The invention discloses a demand-driven reusable binary pointer analysis method which is used for determining a pointing set and aliases of given target pointer variables, and comprises the steps of S1, restoring pointer types in a process through a variable using mode, extracting instructions related to pointer calculation, S2, carrying out abstract interpretation in the process based on pointer representation and an execution result of modeling instructions, obtaining pointer representation sets of all pointer variables, storing the results into an intermediate result library, S3, determining functions to be analyzed according to the demands based on the results of in-process analysis, obtaining different pointer representations of the target pointer variables in different functions, and triggering in-process analysis of step S1 and step S2 on a function if the function is not analyzed.

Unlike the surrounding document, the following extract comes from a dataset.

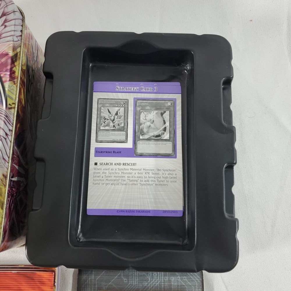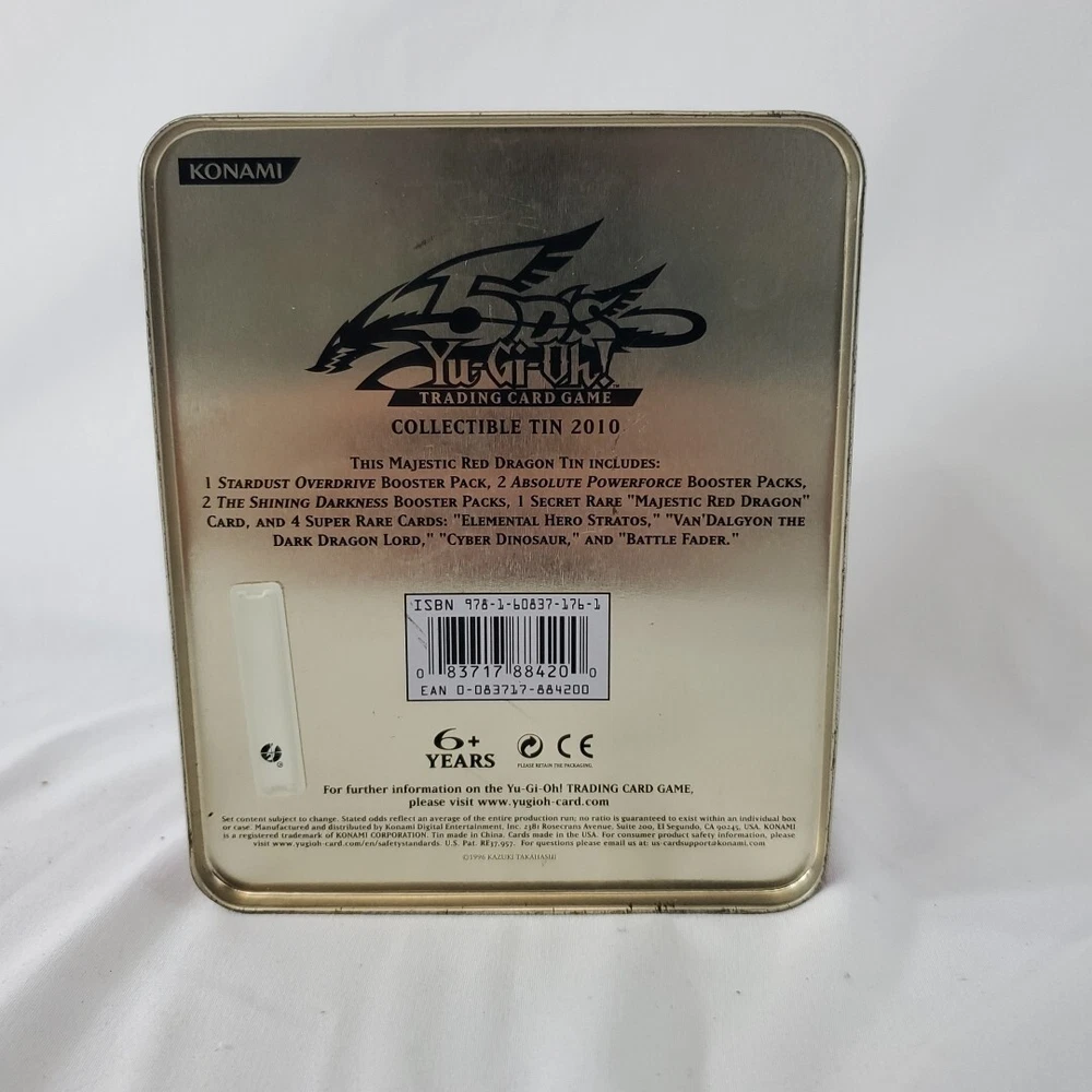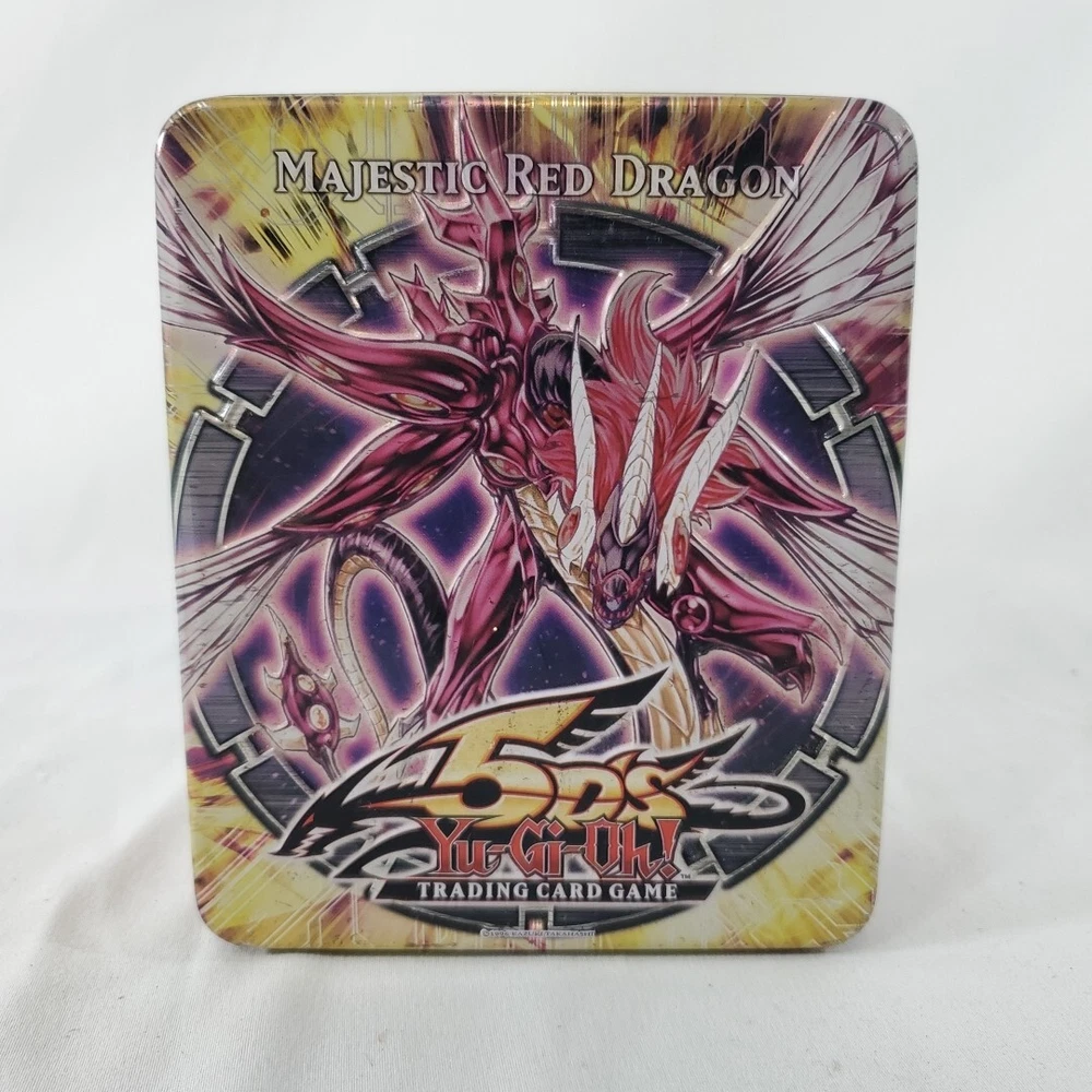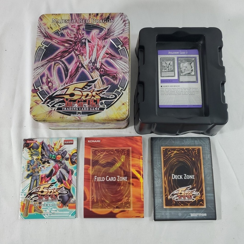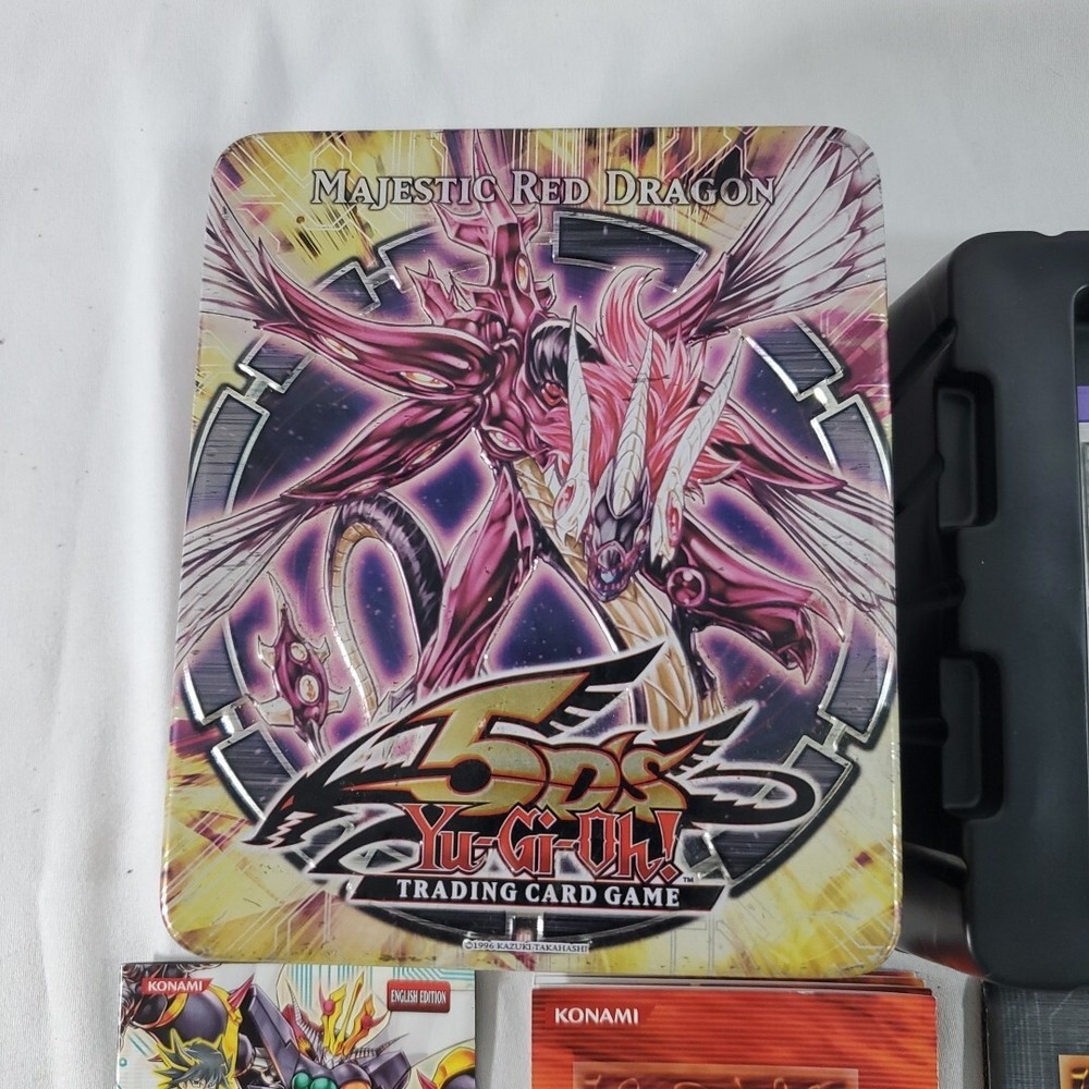 Yugioh 5ds Majestic Red Dragon EMPTY Collectible Tin ONLY +Beginners Guide, also throwing in Warriors Strike structure deck playing field foldout + other foldout - In Great Pre-Owned Condition, Minor Cosmetic Shelf Wear, Some surface scrating on top cover but no dents or serious wear. Great condition overall PLEASE USE PICTURES FOR FINAL DESCRIPTION THIS IS AN EMPTY TIN WITH SOME EXTRAS INCLUDED Will Receive All Items Pictured Please use all pictures for final description, check out our eBay store to see other great items and to view our feedback! SHIPS FAST AND FREE! This product is an empty collectible tin featuring the character Majestic Red Dragon from the Yu-Gi-Oh! 5D's TV show. It was manufactured by Konami in 2009 and is made of tin material. The tin is compatible with Yu-Gi-Oh! TCG cards, but the card capacity is not listed. The product includes a guide and a playmat field the Warrior's Strike set. It is branded by Yugioh and is in English language.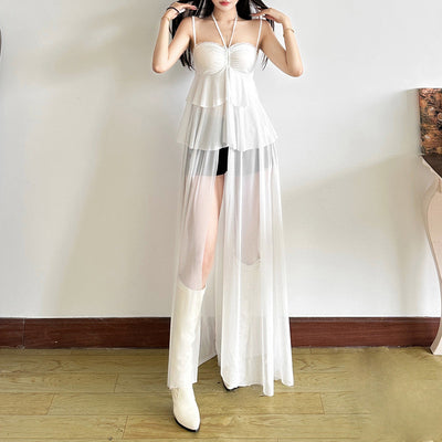 Hollow out ruched mesh tube cut out maxi dress

The method realizes context sensitive strategy and stream sensitive strategy, realizes balance of analysis efficiency and accuracy, and can efficiently perform on-demand pointer analysis among processes.

Inventors

  • WANG YU
  • Zhu Wentai
  • WANG LINZHANG
  • LI XUANDONG

Assignees

  • 南京大学

Dates

Publication Date
20260512
Application Date
20260119

Claims (7)

  1. 1. A demand driven reusable binary pointer analysis method, the method comprising the steps of: S1, recovering the pointer type in the process by using a variable, and extracting instructions related to pointer calculation; S2, based on pointer representation, modeling an execution result of the instruction, performing abstract interpretation in a process to obtain pointer representation sets of all pointer variables, and storing the result into an intermediate result library; and S3, determining a function to be analyzed according to the requirement based on the result of in-process analysis, obtaining different pointer representations of the target pointer variable in different functions, and triggering in-process analysis of the step S1 and the step S2 for a certain function if the function is not analyzed.
  2. 2. The demand driven reusable binary pointer analysis method according to claim 1, wherein the step S1 specifically comprises the steps of: S11, initial classification, namely traversing all instructions of a current function, marking variables representing addresses of CALLIND instructions, BRANCHIND instructions, STORE instructions and LOAD instructions as pointer types, adding a pointer variable set, adding constants in a legal address space of a program into the pointer variable set, performing conservative judgment on real parameters and actual return values, marking the real parameters as pointer types, adding the pointer variable set if the real parameters pass judgment, marking the real parameters as non-pointer types, and adding the non-pointer variable set if the real parameters do not pass judgment; S12, backward propagation, namely iterating through all INT_ ADD, LOAD, COPY, MULTIEQUAL instructions of the current function, judging an input operand if the output operand of one instruction is of a pointer type, marking the pointer type if the judgment is passed, adding a pointer variable set, otherwise marking the pointer type as a non-pointer type, adding a non-pointer variable set, and terminating iteration when the size of the pointer variable set is not increased compared with that of the previous iteration after iteration; S13, forward disambiguation, namely iterating through all COPY and INT_ADD instructions of the current function, marking an output operand as a non-pointer type if the input operand is of a non-pointer type, and removing the output operand from a pointer variable set; s14, collecting pointer calculation related instructions, namely traversing all INT_ ADD, LOAD, COPY, MULTIEQUAL instructions of the current function, and adding the instructions into a pointer calculation related instruction set if the output operand of the instructions is of a pointer type.
  3. 3. The demand driven reusable binary pointer analysis method according to claim 2, wherein the method derives pointer types based on the manner of use of variables, and high precision pointer type recovery is achieved by combining backward propagation and forward disambiguation.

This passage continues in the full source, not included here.